題名からして心洗われるきれいなお話なんだろうなあて思っていたけど全然違いました。

薬とお酒と性に溺れてラリって自分が分からなくなって死んでもいいって感じの話だった。

 

しかしながら描写がリアルなのです。とっても

主人公が”リュウ”なんですけどたぶん著者の村上龍さんの実話なんじゃないんでしょうか…

19歳で薬物中毒になっても昔は警察も助けてくれなかったんだろうなあ

 

 

夢を見る時ってわけがわからないことも筋が通っているような気持ちになったり、空を飛んだり魔法を使ったり、現実では起こり得ないことが起こるけど、それが現実での自分の意識の中で起きていて、妄想と靄のかかったような視界の奥での現実の出来事が遠く響いているのがほんとにそのまま描かれていた。

結構グロい描写が多くて受け付けられないところもあったけど、村上春樹風の歌を聴けとか、伊坂幸太郎の砂漠的な空気が流れていて個人的にこの空気感が好きだった。

くすんだ灰色と茶色と黄土色が混ざった冷たい風の匂いがするような小説がタイプなので内容はともあれ好きでした。

読み終わった後不思議とすっきりしたなあ

あんなに気持ち悪かった中盤が嘘のようです。

 

車校の卒検を受けて落ちたと悟ってからの1時間半の待ち時間の間にほとんどを読んだからいろんな意味で超具合が悪かった。
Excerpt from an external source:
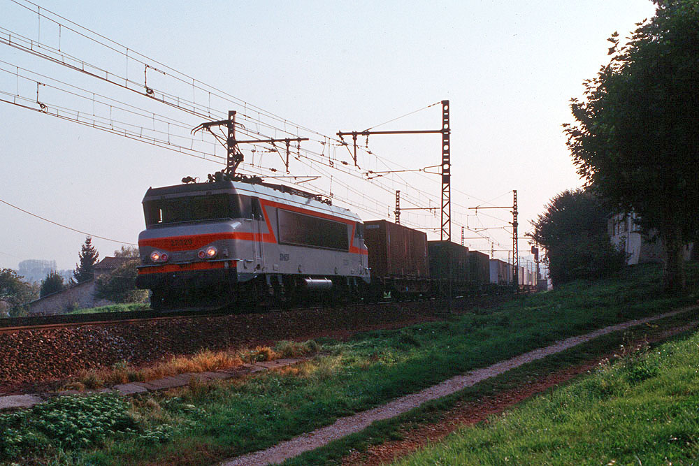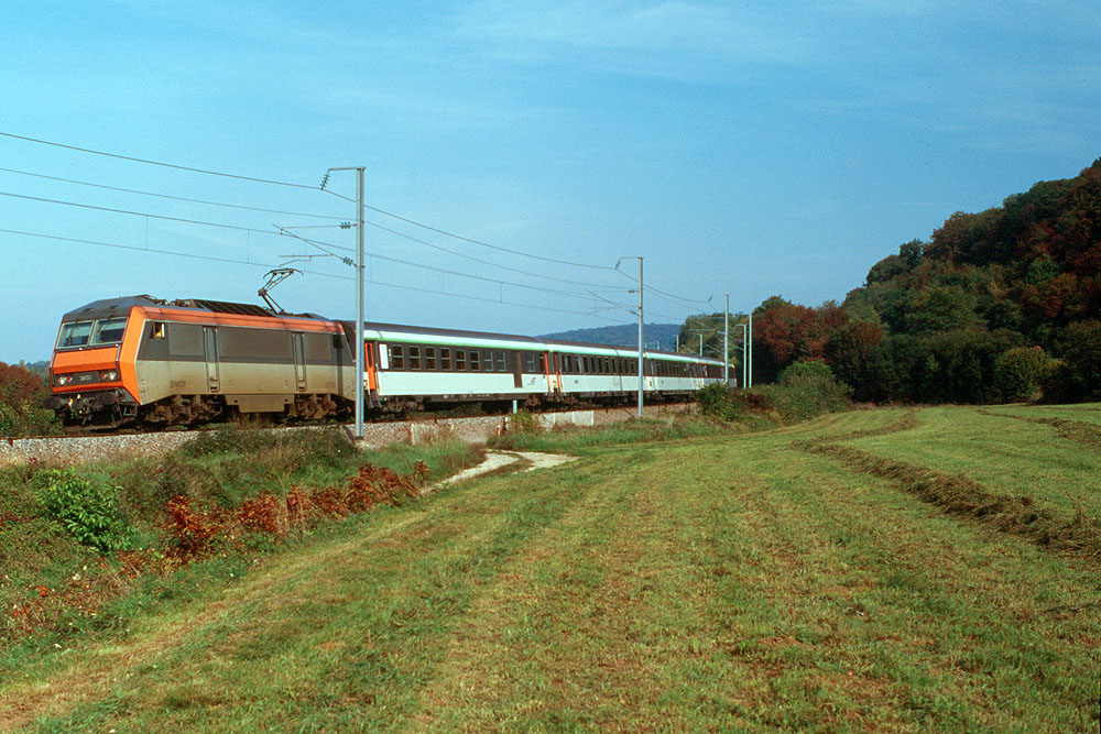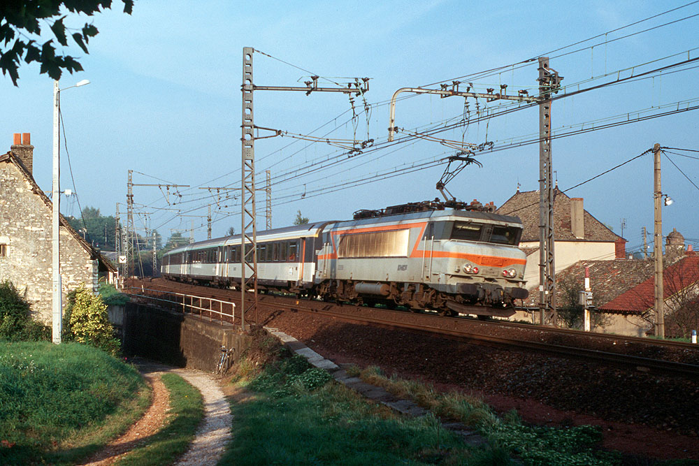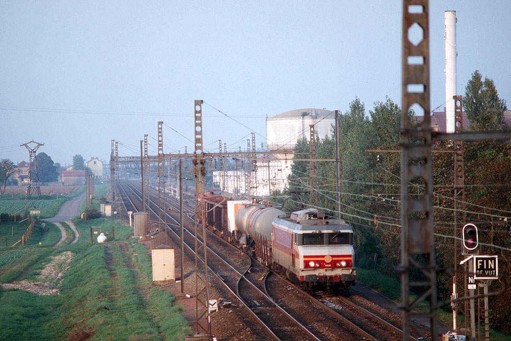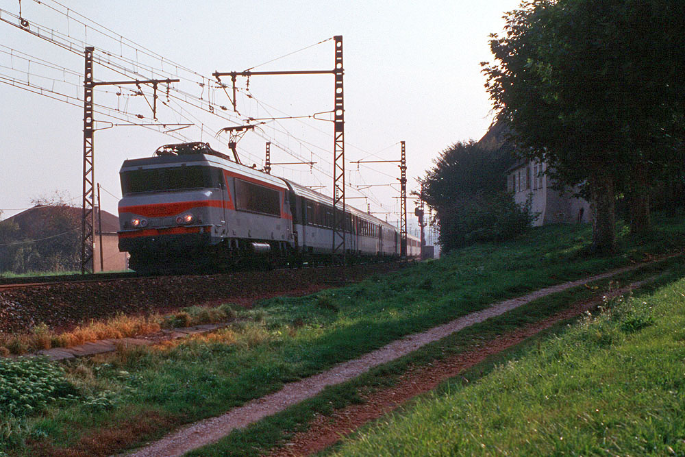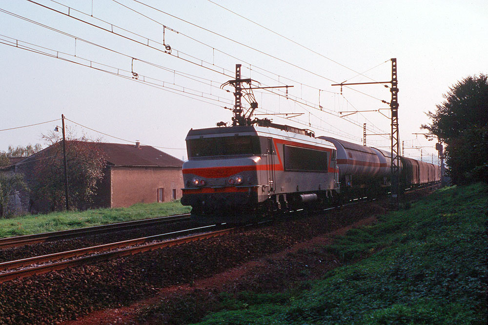 Bild 6: Eigentlich wollten wir auf der Strecke Strasbourg- Lyon die zur Abstellung anstehenden Gasturbinen- Triebwagen fotografieren. Leider war Zug 6672 (Lyon- Strasbourg) nur mit BB25236 bespannt, bei Mouchard.

坂道発進をしようとしたら思いがけず別の車が先にいて途中で止まって待っているときに次どうしたらいいかわからなくなってギア2に入れたままエンストして30センチ以上後ろに下った×2回をしてどうして合格できたのか不思議でなりません。

そんな話は良いのです。泣

 

ネットでのほかの人の感想が気になる作品だったなー。

何が評価されているんだろう。薬物中毒の人の気持ちになるにはもってこいだけどどうして有名な作品なのかは経験が浅いからか謎でした。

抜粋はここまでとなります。